Photo by David Fraser
During my search I once again stumbled upon a design that caught my eye as soon as it was published: Karie Westermann's Byatt. I love the two-tone section and am definitely going to knit this shawl at some point. I was hoping to use Tamar for it, but that won't quite work, I think. I am sure I have enough other yarn in my stash, though. 

Due to my pattern search not yielding quite what I was looking for, I returned to an older WIP from last year. You may remember my Pixelated Pullover that was nearly finished. In the end I only had one sleeve left to knit, but realised that there were quite a few things I wish I had done differently. The fit was off in places and I had a very, very huge sleeve. So I put it all aside and didn't feel like continuing. 
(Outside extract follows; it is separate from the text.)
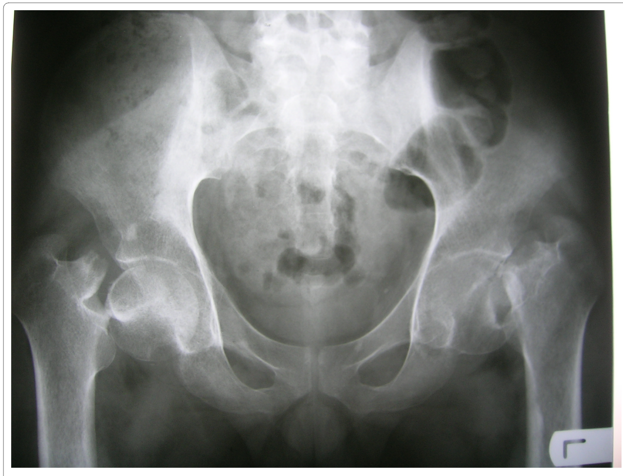
Figure 2 Radiograph taken before operation demonstrates displaced bilateral femoral neck stress fractures.

I still don't really feel like it because my mind is all about shawls right now, but this is probably the best time to get back into it. It's getting cooler and winter will be here sooner than I'd like, so having the jumper ready (or at least nearing completion) would be great. And so I got it out of its bag, delighted in the fact that the moths left it alone all this time, and started ripping back. Further and further. Row after row. 

Pixelated Pullower

I ripped back until I reached a suitable section from where I should be able to continue easily. That said, I haven't checked if I can find my place in the pattern yet. The jumper odyssey continues!